Dataset excerpt |
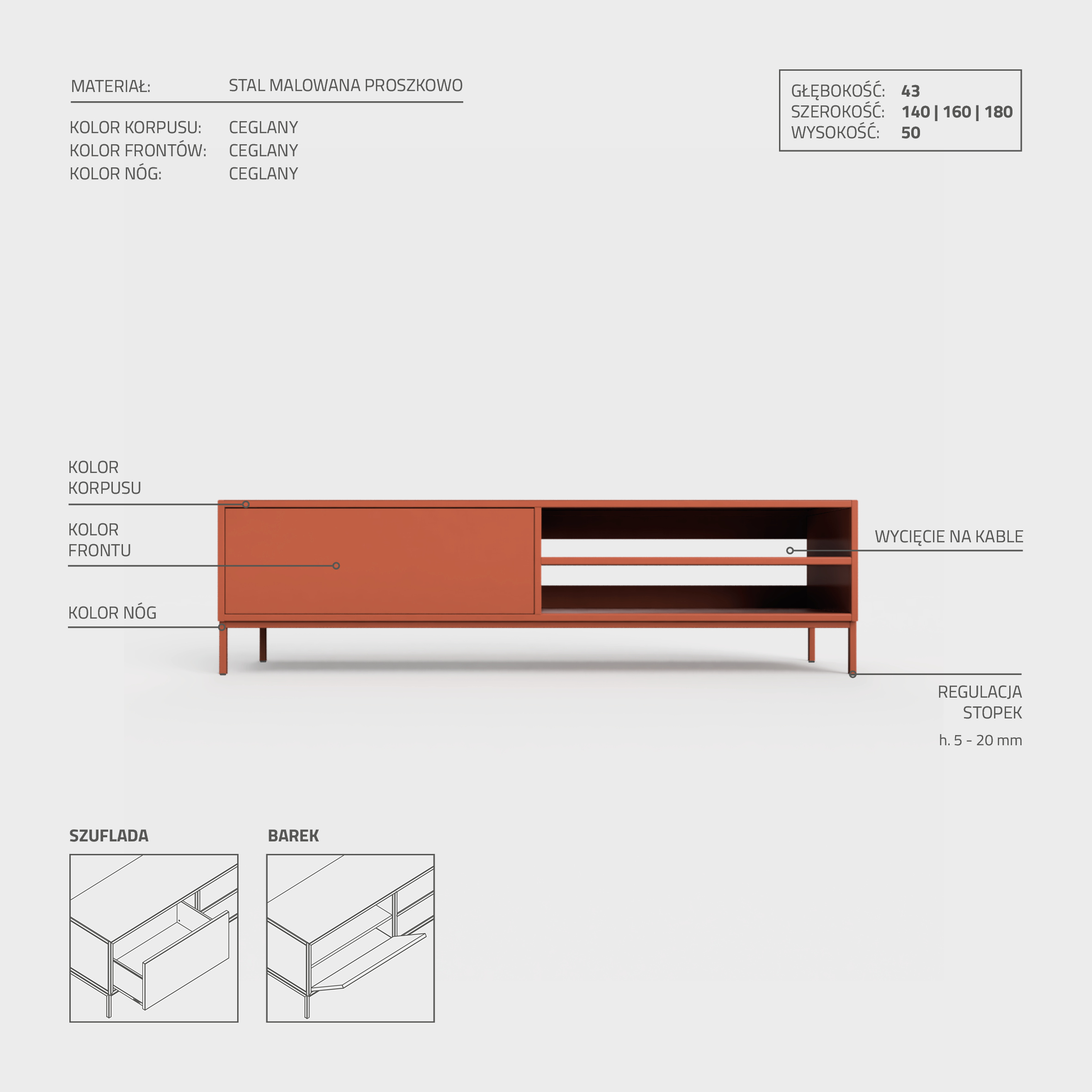Szafka pod RTVPRUNUS 02 to znakomity przykład harmonii pomiędzy nowoczesnym designem a praktycznym zastosowaniem. Jej wymiary, 180 cm x 43 cm, w połączeniu z wysokością 50 cm, gwarantują odpowiednią przestrzeń na Twoje urządzenia multimedialne oraz stylowe dekoracje. Przestronny blat doskonale pomieści zarówno telewizor, jak i ulubione ozdoby. Szafka PRUNUS 02 to nie tylko mebel pod telewizor – to również przestrzeń do wyrażenia Twojej pasji. Minimalistyczny charakter mebla sprawia, że doskonale nadaje się na ekspozycję Twoich winyli i gramofonu, tworząc strefę relaksu w towarzystwie muzyki. W jednej pojemnej szufladzie ukryjesz osobiste drobiazgi, a dwie otwarte półki pomieszczą ulubione książki lub czasopisma.
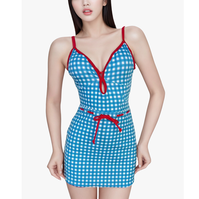 2024 ins 스타일 프랑스 복고풍 달콤한 소녀 수영복 여성 보수적 인 원피스 작은 가슴 크로스 국경 도매 수영복스토어 가기
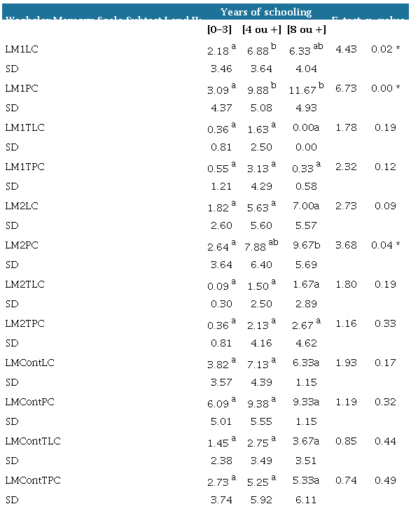 The procedure used to compare groups concerning the educational levels in Table 2 was the analysis of variance. The p<0.05 presented in Table 2 and indicated by (*) shows that there are significant differences between the groups considered and means followed by the same letters do not statistically differ among themselves at the level of 5% of significance. Thus, we reject the hypothesis that different levels of education do not produce different neuropsychological performances, that is, there are differences in the performance of groups of elderly people when considering different levels of education for the following neuropsychological tests: LM1Lit, LM1Prop, and LM2Prop.

The problem |
Your copy should match the listing exactly, apart from the pictures it leaves out.

Result for this task |
Szafka pod RTVPRUNUS 02 to znakomity przykład harmonii pomiędzy nowoczesnym designem a praktycznym zastosowaniem. Jej wymiary, 180 cm x 43 cm, w połączeniu z wysokością 50 cm, gwarantują odpowiednią przestrzeń na Twoje urządzenia multimedialne oraz stylowe dekoracje. Przestronny blat doskonale pomieści zarówno telewizor, jak i ulubione ozdoby. Szafka PRUNUS 02 to nie tylko mebel pod telewizor – to również przestrzeń do wyrażenia Twojej pasji. Minimalistyczny charakter mebla sprawia, że doskonale nadaje się na ekspozycję Twoich winyli i gramofonu, tworząc strefę relaksu w towarzystwie muzyki. W jednej pojemnej szufladzie ukryjesz osobiste drobiazgi, a dwie otwarte półki pomieszczą ulubione książki lub czasopisma.
 2024 ins 스타일 프랑스 복고풍 달콤한 소녀 수영복 여성 보수적 인 원피스 작은 가슴 크로스 국경 도매 수영복스토어 가기
 The procedure used to compare groups concerning the educational levels in Table 2 was the analysis of variance. The p<0.05 presented in Table 2 and indicated by (*) shows that there are significant differences between the groups considered and means followed by the same letters do not statistically differ among themselves at the level of 5% of significance. Thus, we reject the hypothesis that different levels of education do not produce different neuropsychological performances, that is, there are differences in the performance of groups of elderly people when considering different levels of education for the following neuropsychological tests: LM1Lit, LM1Prop, and LM2Prop.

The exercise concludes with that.